3. Audit the chatbot’s memory
Romaniuk said memory is one of ChatGPT’s strengths. It lets the model infer what a user really wants or proactively surface information they might care about.
Romaniuk said the way to stay in control is to audit what the model remembers: Delete anything you don’t want it holding onto, or toggle memory on and off in the settings so the chatbot only draws from what you choose.
Users can toggle memory on and off in ChatGPT’s settings.
Lee Chong Ming/ChatGPT
It’s something I’ve been doing. I don’t turn memory off because most of what I share ends up being useful later. But I do clear out meaningless or throwaway chats so they don’t clutter things or muddy what the model learns about me.
It’s paid off. ChatGPT now understands me as a journalist who interviews AI founders by day and trains for fitness races after hours. It answers like it knows I’m just as likely to ask about model behavior as I am about Hyrox training plans.
4. Ask ChatGPT to improve prompts
Kim said users can ask ChatGPT to help come up with better prompts.
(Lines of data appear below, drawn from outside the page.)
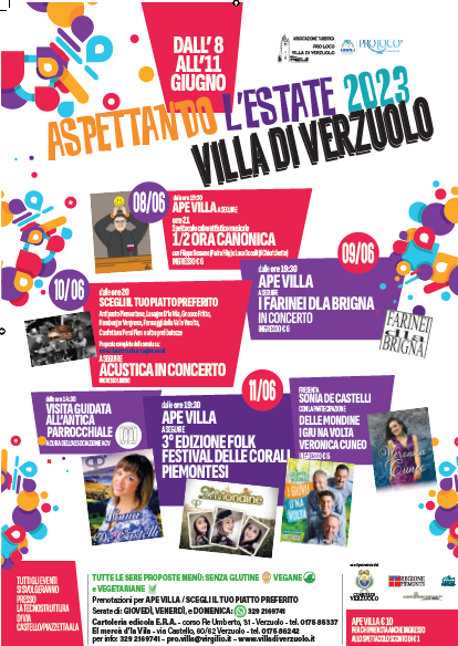 Il programma prevede giovedì sera risate e comicità con la “Mezz’ora Canonica” con Filippo Bessone e Luca Occelli, il venerdì per la prima volta sul palco della Villa la band piemontese I Farinedi D’la Brigna con lo spettacolo V.I.P, il sabato il gradito e richiestissimo ritorno della band gli Acustica e si concluderà la domenica con l’affermato Folk Festival delle Corali Piemontesi presentato da Sonia De Castelli e con le canzoni delle Mondine, I Giuvu D’na Volta e Veronica Cuneo.
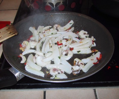 Dann die leicht gesalzene Sepia im Olivenöl sehr kurz und scharf anbraten
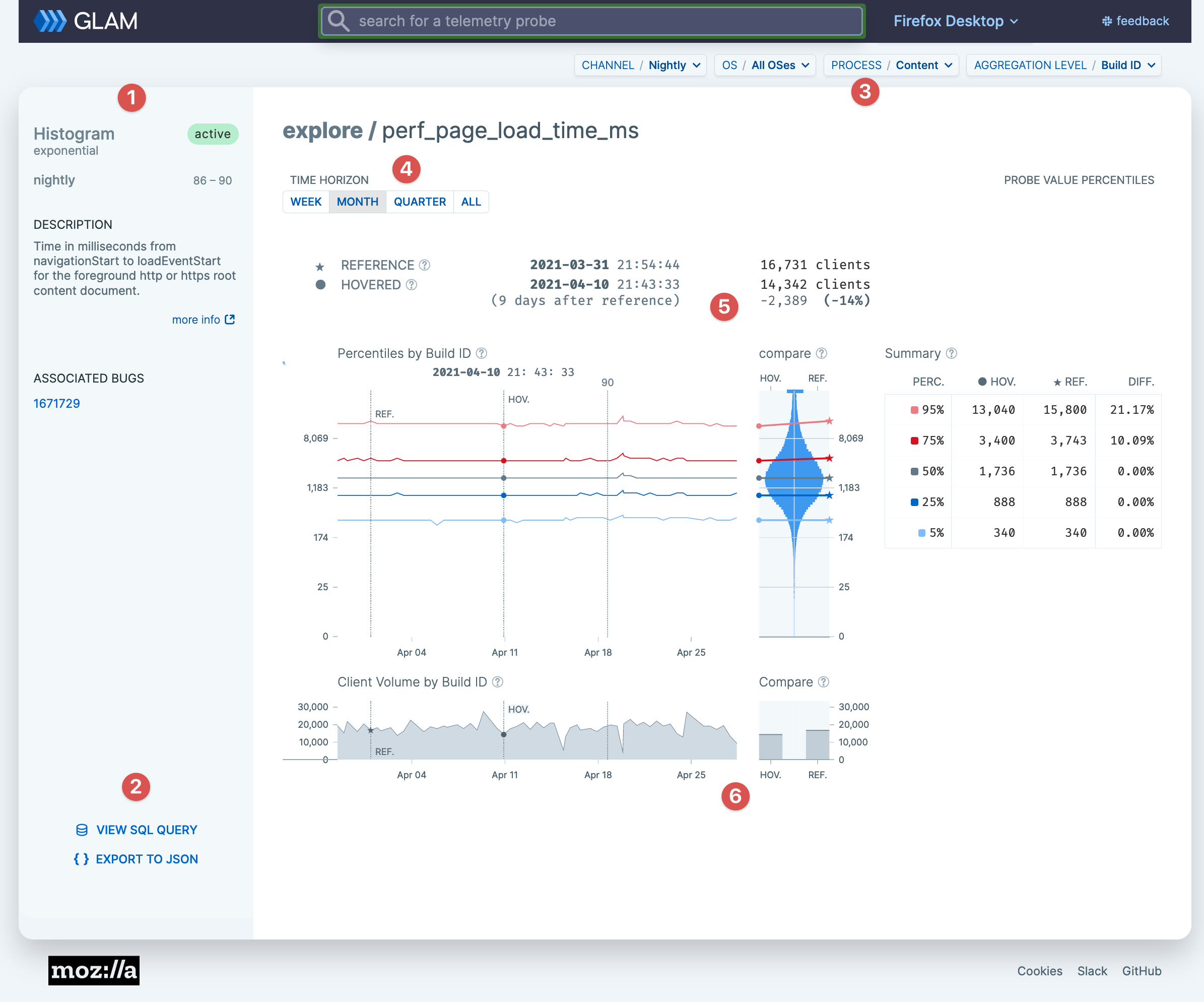 The Glean Aggregated Metrics Dashboard (GLAM) is an interactive dashboard that is Mozilla’s primary self-service tool for examining the distributions of values of specific individual telemetry metrics, over time and across different user populations. It is similar to GUD in that it is meant to be usable by everyone; no specific data analysis or coding skills are needed. But while GUD is focused on a relatively small number of high level, derived product metrics about user engagement (e.g. MAU, DAU, retention, etc) GLAM is focused on a diverse and plentiful set of probes and data points that engineers capture in code and transmit back from Firefox and other Mozilla products.
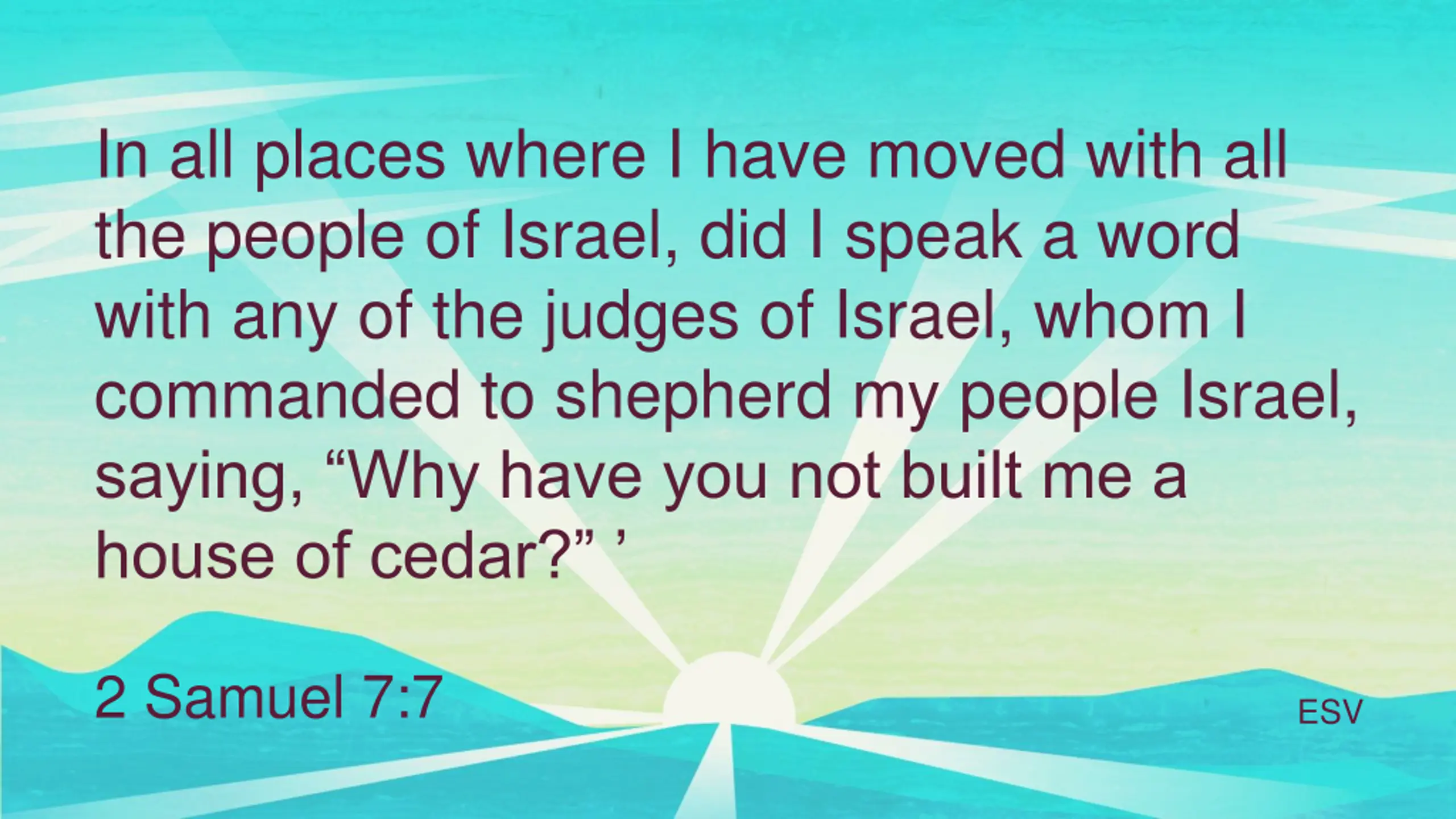In all places where I have moved with all the people of Israel, did I speak a word with any of the judges of Israel, whom I commanded to shepherd my people Israel, saying, Why have you not built me a house of cedar? 2 Samuel 7:7 ESV

I needed to understand free-electron lasers, which help create the high-energy light sources behind semiconductor manufacturing (for journalism, of course). Instead of pretending I knew what to ask, I asked ChatGPT what questions I should be asking it.
It responded with a set of “high-leverage questions” — grouped from foundational to research-level — that showed me exactly how to think about the technology. For someone without much technical background, this framing was helpful. ChatGPT was teaching me how to ask smarter questions.
5. Switch through personality modes
Romaniuk said she switches between ChatGPT’s personality modes “all the time” to understand how each one feels. It’s part of her job shaping model behavior.
One of her favorites is the “nerd” mode, which gives the model a “very exploratory response style,” she said.
I love a good cynic, so I asked ChatGPT in “cynical mode” to explain embodied intelligence.
It didn’t move my work forward, but the explanation made me laugh: “Embodied intelligence is one of those tech terms people throw around like everyone has a robotics Ph.D. hiding under their bed.”
“People in AI land obsess over this.”
6. Retry tasks regularly and ‘pressure-test’ the model
Romaniuk said she likes to “pressure test” the model — pushing it to its limits to see how it’s changing over time.
For something that couldn’t work now, it might work in three months’ time. “Just keep at it, keep playing, keep trying,” Romaniuk added.
I’ve been “pressure testing” the model through my Korean studies, regularly throwing it prompts that stretch its ability to break down the language. I’ve spent months asking ChatGPT to teach me grammar, extract vocabulary from worksheets, and explain unfamiliar sentence structures.
Earlier versions often pulled out the wrong words or mixed up written forms. Now, it parses text accurately, distinguishes between formal and polite forms, and explains grammar in clear, beginner-friendly steps.
The tips made my use of ChatGPT feel more intentional. Some effects were small, others more striking, but they certainly nudged the model to reveal more of what it can do.